Monday, February 20, 2006

A New Planet Has Been Found?

Recently a Kuiper Belt Object named 2005 UB313 has been discovered. It is about 3 times the distance of Pluto from the Sun, but gets closer in about 200 years. It has an orbital period of 556 years or so, and its diameter is about 1800 miles. This makes it bigger than Pluto, so all over the place in the media, headlines about finding a tenth planet have sprouted. But is it, and Pluto for that matter, really a planet?

People had been so expecting and getting excited about a ninth planet at the beginning of the 20th century so that when a large Kuiper Belt object was discovered by Clyde Tombaugh in 1930, it was instantaneously proclaimed a Planet! They thought it was as big as Uranus, and they called it Pluto. Further observations, including occultations that did not take place, showed it to be much smaller, maybe as big as the Earth, no maybe as big as Mars, no maybe big as Mercury; they really did not know for sure. Then Harrington discovered in 1980 that it had a satellite Charon. Now when two bodies are found in orbit around each other, the mass of both can be computed fairly accurately. Astronomers did that, and found that Pluto was only 1500 miles across. The United States is bigger than that. So that put into serious question whether Pluto should be considered a planet. It has a mass of only 13 yottagrams, compared to 5960 yottagrams (or 5.96 xonagrams) for the Earth, 330 yottagrams for Mercury, 148 yottagrams for Ganymede, 89 yottagrams for Io, and 74 yottagrams for our own Moon. Is the Moon a planet? It is on the borderline. And Pluto is much smaller than that.

It instead was the biggest Kuiper Belt object, a group of large objects outside the orbit of Neptune. Many large Kuiper Belt objects have been discovered, including Varuna, 600 miles across, Charon, 600 miles, Quaoar, 900 miles, Sedna, 1100 miles, closing in on the radius of Pluto. But still Pluto was the largest of the Kuiper Belt objects, so some still considered it a planet.

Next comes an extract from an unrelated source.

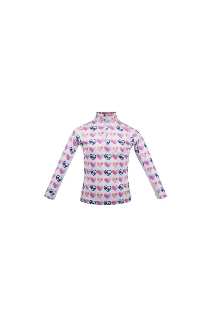 Das Shirt kann dank der Funktionsfaser eine gute Feuchtigkeitsaufnahme ermöglichen. Die Einsätze aus Meshgewebe können außerdem für eine hohe Atmungsaktivität sorgen, welche vor allem beim Reiten wichtig ist. Der kurze Reißverschluss vorne kann das An- und Ausziehen des Funktionsshirts für Kinder erleichtern. Mit dem Print aus Herzen und Pferden wird das Shirt zum richtigen Hingucker. Erhältlich ist es in den trendigen Farben Weiß/Pink.
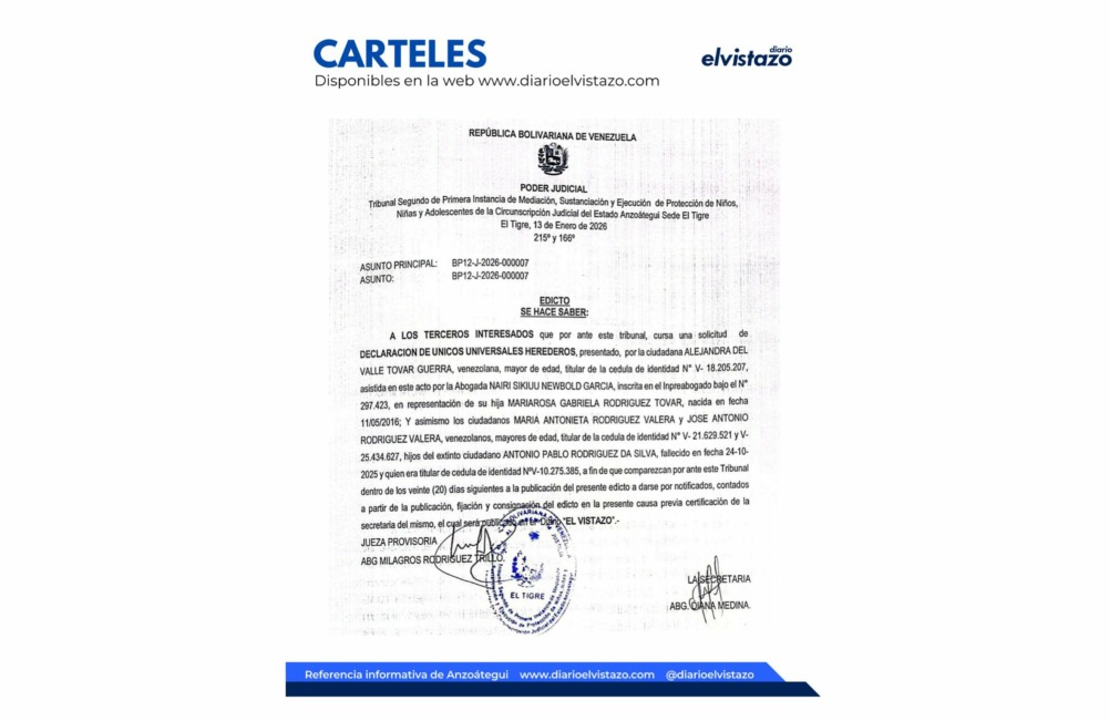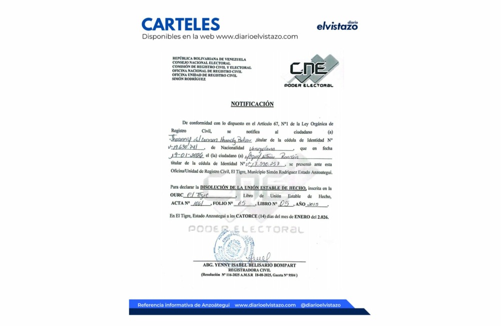 El INTI, Instituto Nacional de Tierras, emitió un Cartel de Notificación en relación al Procedimiento de Revocatoria de Título de Adjudicación Socialista Agrario y Carta de Registro Agrario, sobre el lote de terreno denominado «Barrancas de Chuapire», ubicado en el sector La Canoa, parroquia Soledad, municipio Independencia del estado Anzoátegui. El documento está suscrito por Ilka Guerrero Azócar, coordinadora de procedimientos administrativos agrarios.

But now they've done it. Pluto is no longer even the biggest Kuiper Belt object. There is one bigger, namely 2005 UB313
The newly discovered object is about 1.5 times wider than Pluto and therefore 4.5 times more massive, probably. And it STILL is not a planet. Not when its mass is only about 58 yottagrams. If we called the new object a planet, then surely we must call the Moon one. So definitely now, Pluto is NOT a planet.

But the media and the IAU are going to call it a planet, since they call Pluto a planet. The problem with this is that eventually there are going to be too many planets - more in the Kuiper Belt than elsewhere. Eventually they will give up on this, just like they did with calling Ceres, Pallas, and so forth planets near the beginning of the 19th century. They will take planet status away from both 2005 UB313 and Pluto. Now the Mars-Jupiter asteroid belt has one member, namely Ceres, that is much bigger than the rest, and the rest go down rather uniformly from there, from Vesta and Pallas on down. I think that Pluto, 2005 UB313, Quaoar, Orcus, and so forth are the Vestas and Pallases of the Kuiper Belt, and The Big One has still yet to be discovered. By analogy with the Mars-Jupiter asteroids, I would estimate that The Big One, when found, will have a mass approaching 1 xonagram (1,000 yottagrams), and be between the Moon and Mars in size. That definitely would be a planet. But I predict only one of these big kahunahs.

In other words, eventually I think the Solar System will be shown to have 9 planets: Mercury, Venus, Earth, Mars, Jupiter, Saturn, Uranus, Neptune, and not Pluto, but Planet X, a Kuiper Belt object approaching Mars in size. I could be wrong. There might be a bunch of equal-sized objects in the Kuiper Belt, with no planets. But the example of Ceres seems to show to me that there is a Big One yet to be discovered.

Another matter is the naming of 2005 UB313. Mike Brown, the discoverer, first said he was gong to call it Lila, after a daughter, then he said he was going to call it Xena, after the female warrior, and it got spread all over the Internet, but not the main news media. But I don't think that will likely be its name. It just doesn't fit. Hercules, Jupiter, Ceres and so forth are deities or superpeople that are thousands of years old. Xena is only 10 years old, the modern creation of Hollywood to provide an ancient female superhero for girls to aspire to. More appropriate would be to name it after a god of some religion, and underworld gods seem to predominate out here in the dank recesses of the outer Solar System.

So I would like to propose this name: Baiame. Baiame is the God of the Australian Aborigines, specifically the God of Death, and a well-known legend involving the Southern Cross features Baiame. I urge the IAU to select this name for the object, and I am hoping that Australian aborigines will support me on this name for this far distant asteroid. As far as being a planet, in my opinion, it is too small, and so is Pluto. Until something bigger is found, the Solar System will be known to have eight planets.